Source data:
::::::::

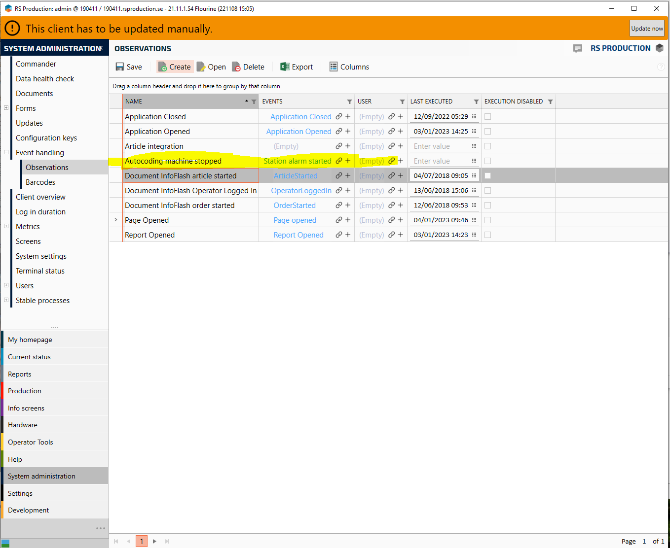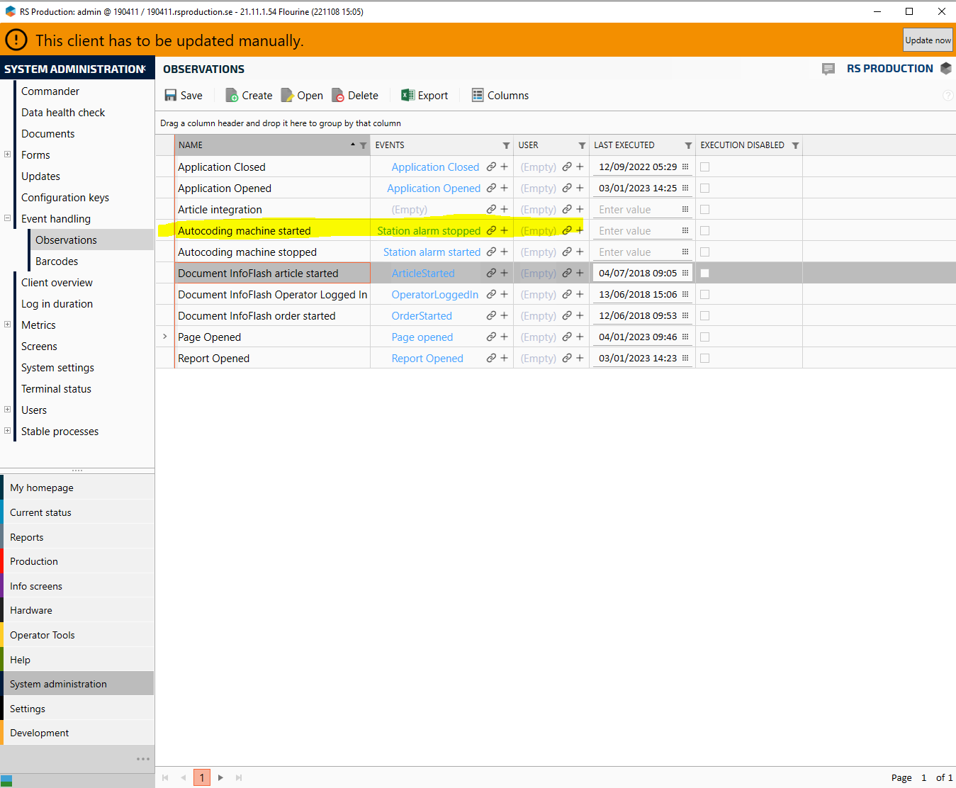 RSProduction can handle a wide variety of automatic stop reason coding and stop handling. This guide will explain what could be done to some extent in the most common case but the events and observations could be modified to do even more logic and variants.
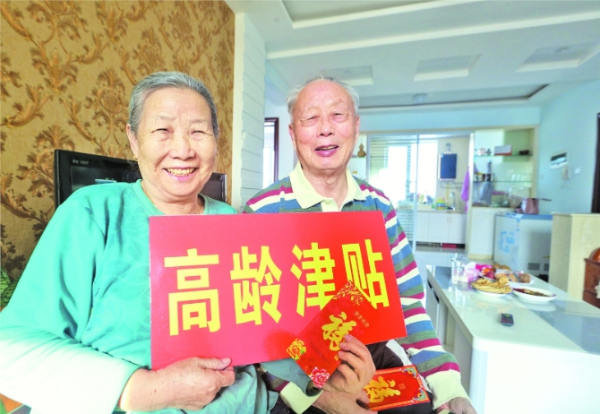 2月14日,博乐市南城区街道滨河社区居民夏少华(左)和卢宏华夫妇领到了高龄津贴。2018年,博乐市为2028名80岁以上老年人发放高龄津贴129.91万元。博州记者站 于苏甫·艾尼摄
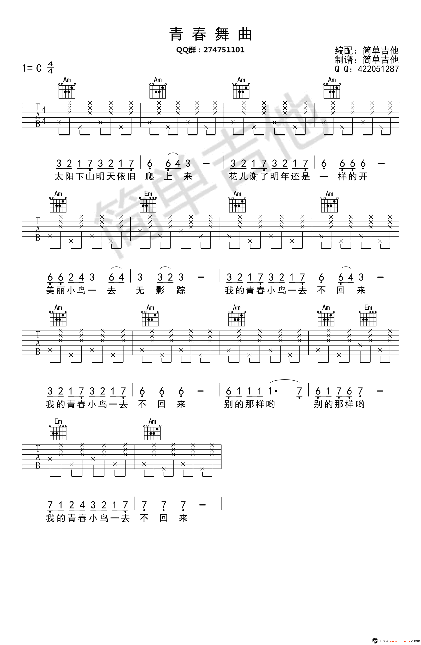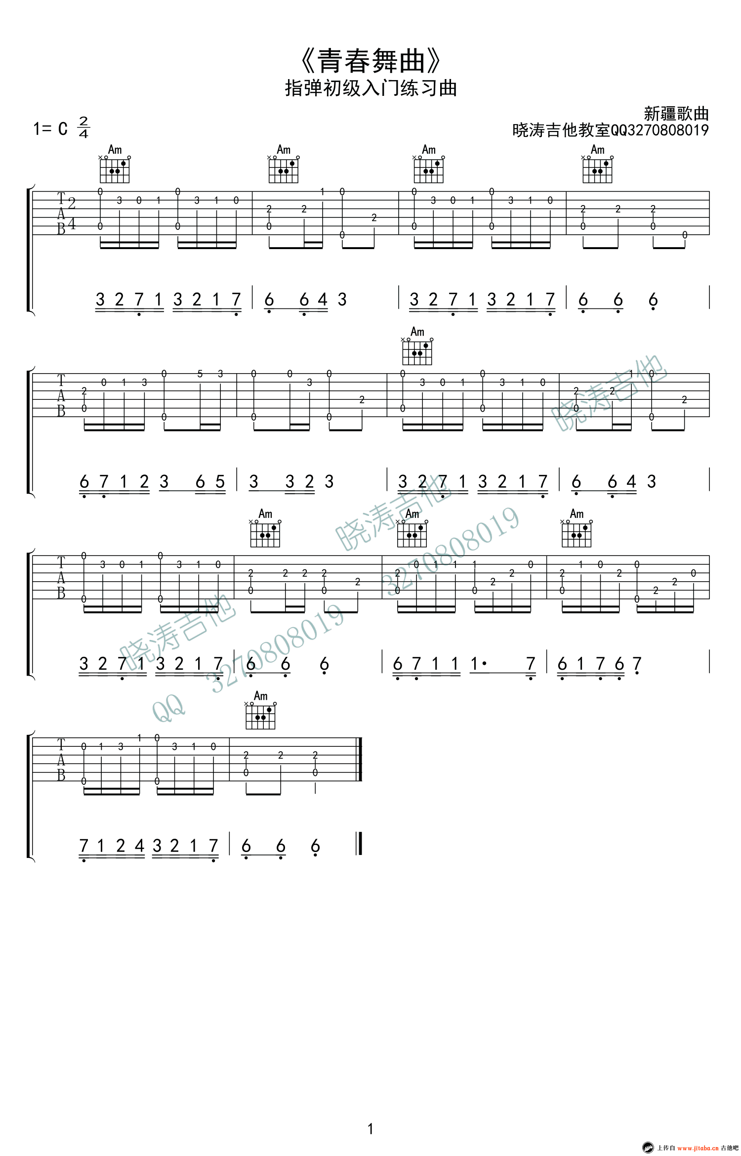 青春舞曲吉他谱 - 简单初级入门练习 - 吉他独奏谱
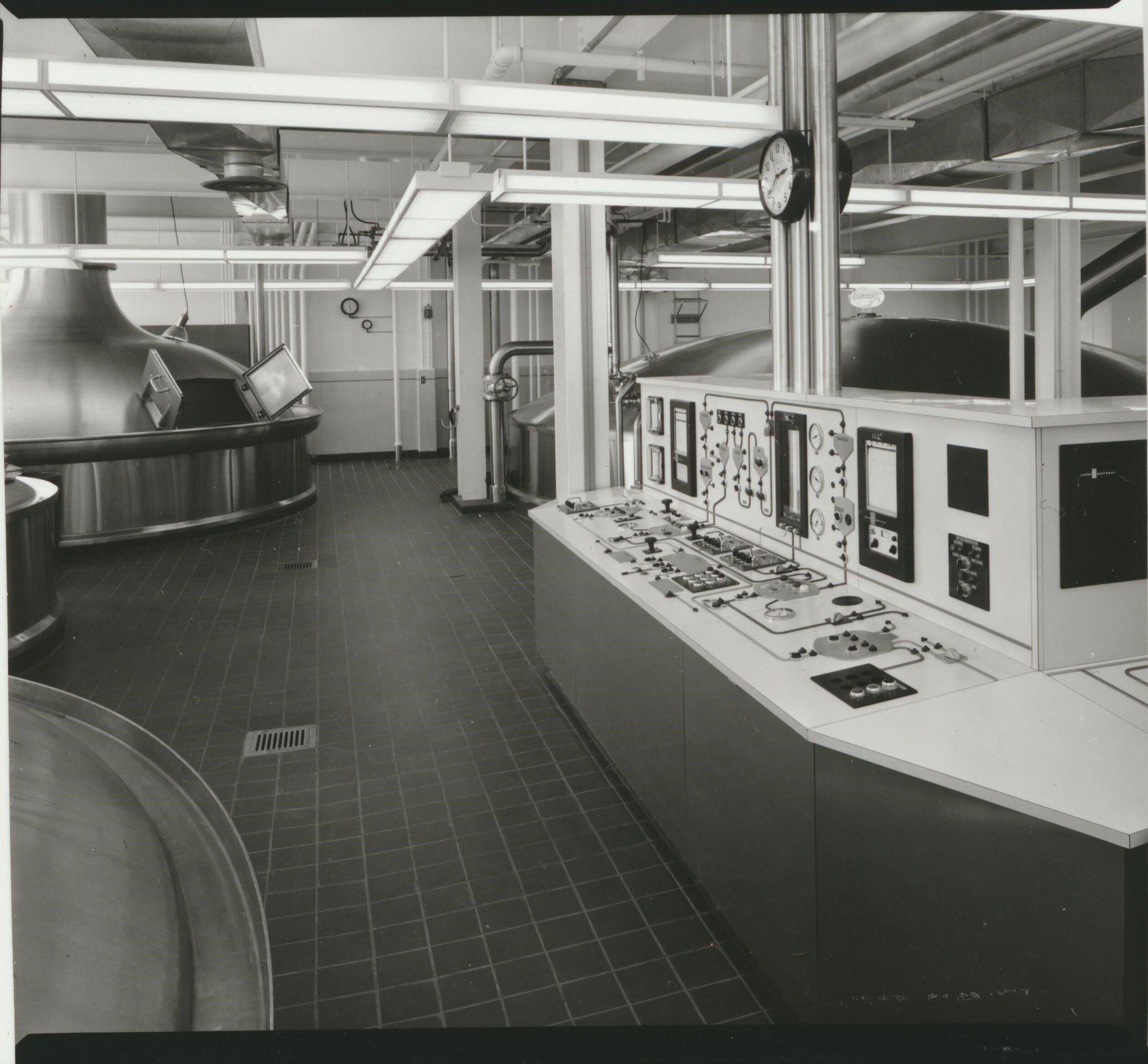 Photograph. #6 kettle and control panel at Olympia brewery.
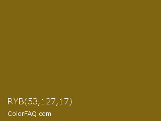 RYB 53,127,17 Color is a dark orange color and the nearest color is Yukon Gold #7b6608. Hex code #7f6411 and RGB value is rgb(127,100,17). In RGB color space, this color is composed of 50% red, 39% green, 7% blue, In CMYK color space, this color is composed of 0% cyan, 21% magenta, 87% yellow , 50% black , In HSL color space, this color has a hue angle of 45° , 76% saturation and 28% lightness.
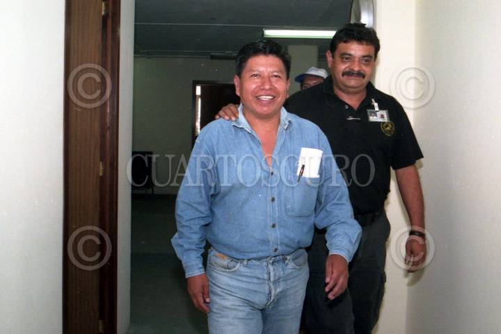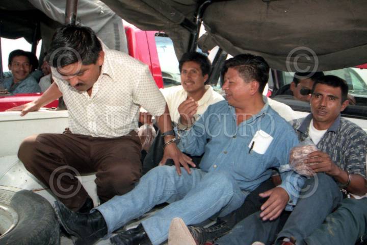 Chiapas, 22FEBRERO2005.- Samuel Sánchez Sánchez (camisa azul), ex-diputado priista de la región norte de Chiapas, líder del grupo paramilitar Paz y Justicia, en imagen de archivo, Octubre del 200 cuando fuera detenido por la PGR acusado de una agresión a una de las bases de apoyo del EZLN. FOTO: Oscar León/CUARTOSCURO.COM

::::::::

■ Problem statement:
Write out the data again word for word, minus any images.

■ Result below:
 RSProduction can handle a wide variety of automatic stop reason coding and stop handling. This guide will explain what could be done to some extent in the most common case but the events and observations could be modified to do even more logic and variants.
 2月14日,博乐市南城区街道滨河社区居民夏少华(左)和卢宏华夫妇领到了高龄津贴。2018年,博乐市为2028名80岁以上老年人发放高龄津贴129.91万元。博州记者站 于苏甫·艾尼摄
 青春舞曲吉他谱 - 简单初级入门练习 - 吉他独奏谱
 Photograph. #6 kettle and control panel at Olympia brewery.
 RYB 53,127,17 Color is a dark orange color and the nearest color is Yukon Gold #7b6608. Hex code #7f6411 and RGB value is rgb(127,100,17). In RGB color space, this color is composed of 50% red, 39% green, 7% blue, In CMYK color space, this color is composed of 0% cyan, 21% magenta, 87% yellow , 50% black , In HSL color space, this color has a hue angle of 45° , 76% saturation and 28% lightness.
 Chiapas, 22FEBRERO2005.- Samuel Sánchez Sánchez (camisa azul), ex-diputado priista de la región norte de Chiapas, líder del grupo paramilitar Paz y Justicia, en imagen de archivo, Octubre del 200 cuando fuera detenido por la PGR acusado de una agresión a una de las bases de apoyo del EZLN. FOTO: Oscar León/CUARTOSCURO.COM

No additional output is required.